Physical characteristics
- Mouth: Gulf of St. Lawrence
- • coordinates: 50°17′00″N 64°20′04″W﻿ / ﻿50.283333°N 64.334444°W
- • elevation: 0 metres (0 ft)
- Length: 240 kilometres (150 mi)
- Basin size: 6,000 square kilometres (2,300 sq mi)

= Saint-Jean River (Minganie) =

The Saint-Jean River, Usasumekw, Patamo (Traditional indigenous variants), Rivière Saint-Jean (French), is a salmon river that flows from north to south, emptying into the Gulf of St. Lawrence, in Rivière-Saint-Jean municipality, Minganie RCM, Côte-Nord, Quebec, Canada.

Sport fishing for Atlantic salmon in the waters of the Saint-Jean River dates back over 150 years.

==Natural Territory==

The Saint-Jean River rises at about 500 m above sea level in the southwest of Labrador. It runs through rugged terrain for 240 km to the Gulf of St. Lawrence. Its mouth is 160 km east of Sept-Îles, in Rivière-Saint-Jean Municipality, Minganie RCM. At its mouth the river is crossed by Quebec Route 138, then flows past the village of Rivière-Saint-Jean.

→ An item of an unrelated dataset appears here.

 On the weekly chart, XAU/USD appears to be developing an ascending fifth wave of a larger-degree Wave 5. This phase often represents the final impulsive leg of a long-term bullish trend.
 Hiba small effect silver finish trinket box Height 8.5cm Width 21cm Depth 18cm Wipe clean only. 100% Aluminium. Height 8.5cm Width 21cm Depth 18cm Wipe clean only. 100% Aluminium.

The river basin covers 5600 km2, is bordered to the northeast by the Romaine watershed, to the east by the Mingan watershed, to the west by the Magpie watershed and a small section to the northwest by Labrador.
===Ground===
On the edge of the Gulf of St. Lawrence, the area of the coastal plain, not very rugged, forms a strip of 10 km wide, with some low hills not exceeding 150 m in altitude.

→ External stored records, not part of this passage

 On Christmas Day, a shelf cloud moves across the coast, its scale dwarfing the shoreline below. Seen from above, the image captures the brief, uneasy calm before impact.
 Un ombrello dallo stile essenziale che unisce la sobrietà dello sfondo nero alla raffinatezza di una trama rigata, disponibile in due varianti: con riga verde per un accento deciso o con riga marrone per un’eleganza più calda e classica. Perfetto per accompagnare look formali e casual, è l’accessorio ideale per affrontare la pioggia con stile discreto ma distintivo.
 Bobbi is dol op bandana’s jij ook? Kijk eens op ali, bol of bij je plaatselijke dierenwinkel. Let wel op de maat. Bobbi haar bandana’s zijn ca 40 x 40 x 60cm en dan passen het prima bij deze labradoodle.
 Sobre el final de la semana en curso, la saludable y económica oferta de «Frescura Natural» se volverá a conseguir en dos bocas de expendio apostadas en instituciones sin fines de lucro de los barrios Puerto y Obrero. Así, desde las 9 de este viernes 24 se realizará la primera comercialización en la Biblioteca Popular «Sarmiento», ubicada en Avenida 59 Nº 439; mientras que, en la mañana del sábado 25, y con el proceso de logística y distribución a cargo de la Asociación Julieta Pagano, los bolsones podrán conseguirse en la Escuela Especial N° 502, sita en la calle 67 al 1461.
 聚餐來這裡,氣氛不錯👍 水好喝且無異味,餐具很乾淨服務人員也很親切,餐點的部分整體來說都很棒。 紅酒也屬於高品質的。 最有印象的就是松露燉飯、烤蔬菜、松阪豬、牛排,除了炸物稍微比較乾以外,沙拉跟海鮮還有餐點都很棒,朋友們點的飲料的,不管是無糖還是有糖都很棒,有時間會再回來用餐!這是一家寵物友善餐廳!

Towards the north, the piedmont area rises to an altitude of 300 m and stretches for 22 km, in a relief of more rugged rounded rocky hills.

Further north, for approximately 100 km, the dominant physiographic zone occupies half of the territory of the Saint-Jean River watershed. It is a high plateau slightly inclined towards the south, very rugged and deeply cut by alluvial valleys, dominated at 1,023 m altitude by the massif located between the Saint-Jean river and the Rapide river.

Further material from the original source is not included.